Wednesday, June 28, 2006

Triumph of... something, I forget. It's not important.

One of the most tired cliches of the debates over the war in Iraq, and in Canada the war in Afghanistan, is the horrible, borderline fascist idea that if we lose it will be because we as a nation didn't have "the will" to succeed.

It really dates back to Vietnam, where the "Honor before Peace" crowd insisted that, if we'd just sacrificed a few more black kids, victory could have been ours. Of course, that was before Walter Cronkite and those pot-smoking smelly hippies went and elected President Ford, that pussy.*

(*Ford's election being as non-fictional as the rest of this idiotic idea.)
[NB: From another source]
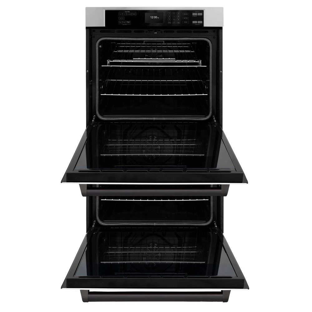 ZLINE Autograph Edition 30 In. Professional True Convection Double Wall Oven With Air Fry And Self Clean In Stainless Steel With White Matte Doors And Matte Black Handles (WADZ-WM-30-MB)(Zline Autograph Edition 30 Double Wall Oven Stainless Steel White Matte Matte Black Wadz Wm 30 Mb)
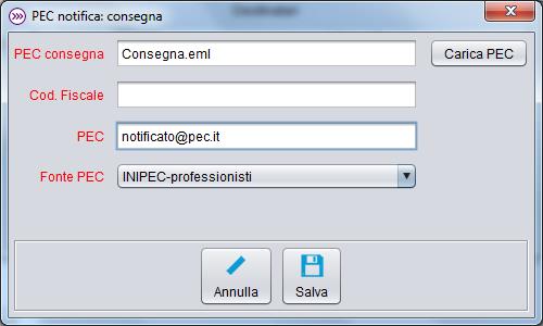 Anche l'indirizzo PEC del soggetto notificato può essere o meno automaticamente estratto dal redattore dal file daticert.xml contenuto all'interno del messaggio stesso e posposto all'utente.

Anyway, I was reading this article from 1999 about "The U.S. Presumption of Quick, Costless Wars" and it's really a dammning indictment of this whole idea - not an indictment on the American or Canadian people, mind you, but of their leadership.
A nation’s will provides the foundation upon which military policy is built. The American experience in the twentieth century belies the simplistic notion that the lack of a pervasive warrior culture translates into weakness of will in the international arena. It would be ironic, therefore, if now-at the time of our greatest strength-we underestimate our own will because we overemphasize the significance of certain cultural, economic, or demographic trends. Moreover, this would be doubly ironic because our past enemies grossly misjudged American will for the same reason-and paid dearly for their errors....

However, the corrosive effects upon civil-military relations will be even more profound if future military leaders mature within an organizational culture that believes the American people represent the weak link in the chain of mititary policy.
I don't know about the military, but the civilian government has certainly adopted this mindset - "Bush would be the greatest president in history if it weren't for the fact that 65% of Americans think he's awful."

The article is not online, but if you're interested it's in the Summer, 1999 issue of Orbis, by Andrew Erdmann.